Replaced by the offset from UTC in the ISO 8601:2004 standard format (+hhmm or −hhmm), or by no characters if no timezone is determinable. For example, "−0430" means 4 hours 30 minutes behind UTC (west of Greenwich). If tm_isdst is zero, the standard time offset is used. If tm_isdst is greater than zero, the daylight savings time offset is used. If tm_isdst is negative, no characters are returned. [tm_isdst]
Replaced by the timezone name or abbreviation, or by no bytes if no timezone information exists. [tm_isdst]
%
Replaced by %.

If a conversion specification does not correspond to any of the above, the behavior is undefined.

If a struct tm broken-down time structure is created by localtime() or localtime_r(), or modified by mktime(), and the value of TZ is subsequently modified, the results of the %Z and %z strftime() conversion specifiers are undefined, when strftime() is called with such a broken-down time structure.

If a struct tm broken-down time structure is created or modified by gmtime() or gmtime_r(), it is unspecified whether the result of the %Z and %z conversion specifiers shall refer to UTC or the current local timezone, when strftime() is called with such a broken-down time structure.

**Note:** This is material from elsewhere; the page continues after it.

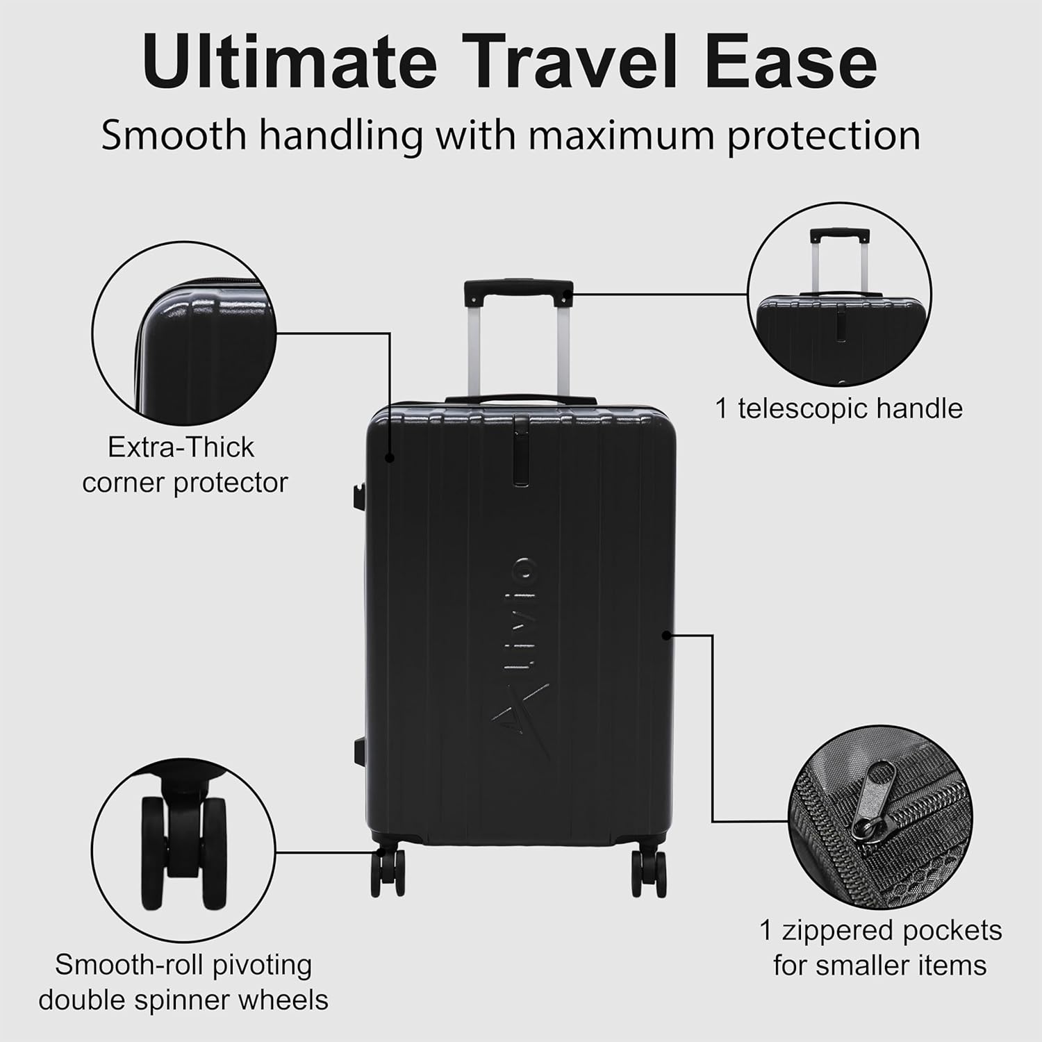 <!-- x-tinymce/html -->Travel with confidence using the Alivio Hard Shell Suitcase, built with a strong PC+ABS exterior that’s lightweight, shock-resistant and ready for everyday travel. The expandable storage offers extra packing space when needed, while the smooth 360° double spinner wheels ensure effortless movement through airports, stations and hotels. Designed for durability and convenience, this high-capacity trolley suitcase features secure zippers, a comfortable telescopic handle and an organised interior for stress-free packing. A perfect choice for holidays, business trips and weekend getaways.

Modified Conversion Specifiers

Some conversion specifiers can be modified by the E or O modifier characters to indicate that an alternative format or specification should be used rather than the one normally used by the unmodified conversion specifier. If the alternative format or specification does not exist for the current locale (see ERA in the Base Definitions volume of POSIX.1‐2008, Section 7.3.5, LC_TIME), the behavior shall be as if the unmodified conversion specification were used.

%Ec
Replaced by the locale's alternative appropriate date and time representation.
%EC
Replaced by the name of the base year (period) in the locale's alternative representation.
%Ex
Replaced by the locale's alternative date representation.
%EX
Replaced by the locale's alternative time representation.
%Ey
Replaced by the offset from %EC (year only) in the locale's alternative representation.
%EY
Replaced by the full alternative year representation.
%Od
Replaced by the day of the month, using the locale's alternative numeric symbols, filled as needed with leading zeros if there is any alternative symbol for zero; otherwise, with leading <space> characters.
%Oe
Replaced by the day of the month, using the locale's alternative numeric symbols, filled as needed with leading <space> characters.
%OH
Replaced by the hour (24-hour clock) using the locale's alternative numeric symbols.
%OI
Replaced by the hour (12-hour clock) using the locale's alternative numeric symbols.
%Om
Replaced by the month using the locale's alternative numeric symbols.
%OM
Replaced by the minutes using the locale's alternative numeric symbols.
%OS
Replaced by the seconds using the locale's alternative numeric symbols.
%Ou
Replaced by the weekday as a number in the locale's alternative representation (Monday=1).
%OU
Replaced by the week number of the year (Sunday as the first day of the week, rules corresponding to %U) using the locale's alternative numeric symbols.
%OV
Replaced by the week number of the year (Monday as the first day of the week, rules corresponding to %V) using the locale's alternative numeric symbols.
%Ow
Replaced by the number of the weekday (Sunday=0) using the locale's alternative numeric symbols.
%OW
Replaced by the week number of the year (Monday as the first day of the week) using the locale's alternative numeric symbols.
%Oy
Replaced by the year (offset from %C) using the locale's alternative numeric symbols.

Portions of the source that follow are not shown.